I need a speedometer cable BAD. I found one on ebay for a decent price, however there are 2 different lengths.. one is 59" and the other one is 86". Why would there be 2 different-length cables with a difference of 27"??? I would go rip my busted cable out and measure it, but its raining. Anyone else have a good speedo cable they'd want to sell?


----------



## AZ-ZBum (Nov 21, 2004)

84-86 analog = speedometer cable runs from transmission to instrument cluster.
84-89 digital = speedometer cable runs from transmission to sensor mounted on passenger strut tower.
87-89 analog = speed sensor mounted on transmission.


----------



## EdwoodCA (Feb 1, 2006)

AZ-ZBum: thanks for the breakdown on years/cables.

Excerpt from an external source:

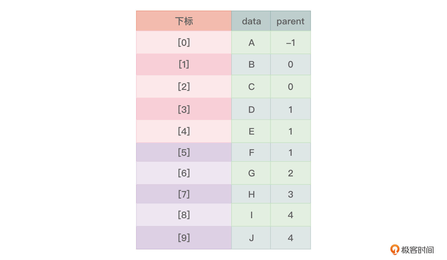 双亲表示法保存树所采用的结构类似于静态链表,即用一维数组(一组连续的空间)来存储树的各个节点,数组中的一个元素对应树中的一个节点。节点是一个结构,其中不但包含了节点所包含的数据(数据域,data),还包含了该节点的父节点在数组中的下标(指针域,parent)。

Questions re: the digital dash cable:

Same cable for manual and auto trannys, I assume?

Since it goes from the sensor to the tranny... is there a 2nd cable from the sensor to the dash, or is it "fly-by-wire"?

Thanks for any answers in advance.


----------



## AZ-ZBum (Nov 21, 2004)

yes. Same cable auto or manual. But the speedometer pinion gear assembly is different.

The speed sensor converts it to an electronic signal. It's carried by wires from wherever that sensor is.


----------



## EdwoodCA (Feb 1, 2006)

AZ-ZBum said:


> yes. Same cable auto or manual. But the speedometer pinion gear assembly is different.
> 
> The speed sensor converts it to an electronic signal. It's carried by wires from wherever that sensor is.



Thanks a ton. I've got an '88 Turbo AT with digital dash, and I can get a cable from an '85 NA 5spd with digital.


----------



## AZ-ZBum (Nov 21, 2004)

Should work just fine.


----------



## keebler (Feb 4, 2006)

If anyone has a "Spare" cable for an 85 300ZX, N/A ,5 Speed ,Analog... Ill pay fair value for it....if its in good order....

Thanks,
Keeb~


----------